Given information |
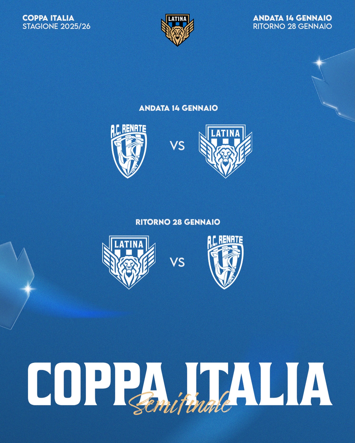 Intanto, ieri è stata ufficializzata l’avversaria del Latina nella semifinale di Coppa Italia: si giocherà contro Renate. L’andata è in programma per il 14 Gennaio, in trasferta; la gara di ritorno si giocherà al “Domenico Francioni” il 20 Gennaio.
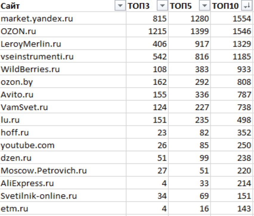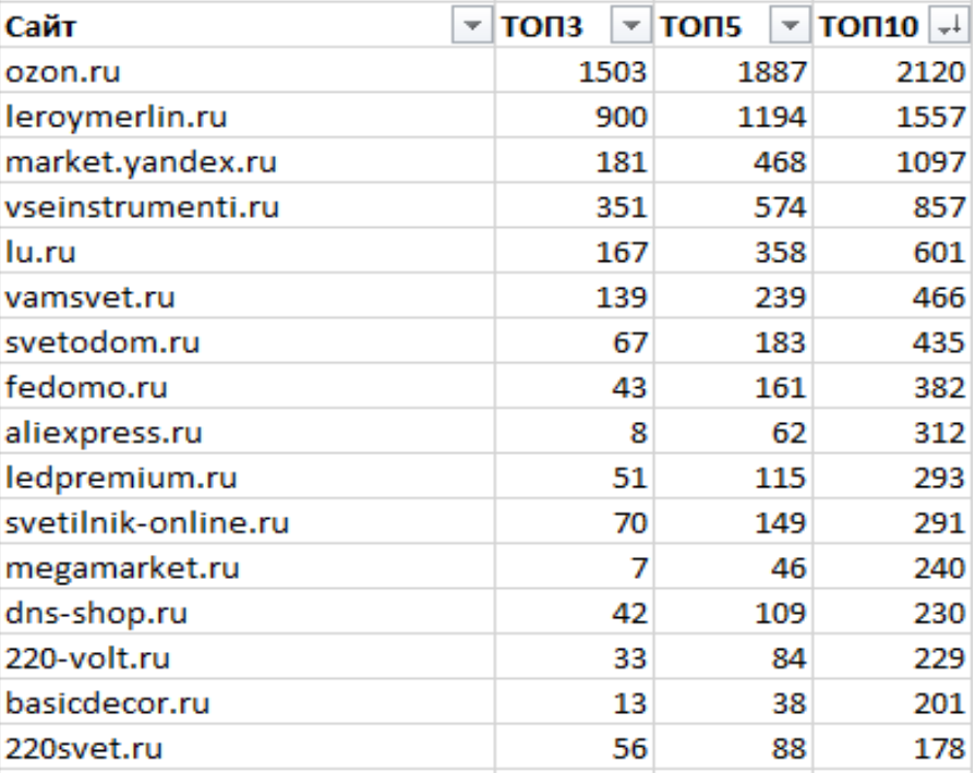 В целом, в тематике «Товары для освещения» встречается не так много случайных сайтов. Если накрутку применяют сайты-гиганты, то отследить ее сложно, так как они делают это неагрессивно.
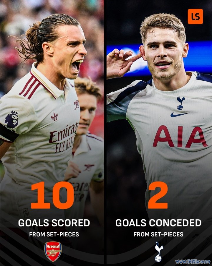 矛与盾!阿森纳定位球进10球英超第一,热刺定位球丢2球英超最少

Your instructions |
Quote exactly the lines from the one that contains "В целом, в тематике" through the end of the listing above, both ends included, leaving out the pictures.

Solution to the problem |
 В целом, в тематике «Товары для освещения» встречается не так много случайных сайтов. Если накрутку применяют сайты-гиганты, то отследить ее сложно, так как они делают это неагрессивно.
 矛与盾!阿森纳定位球进10球英超第一,热刺定位球丢2球英超最少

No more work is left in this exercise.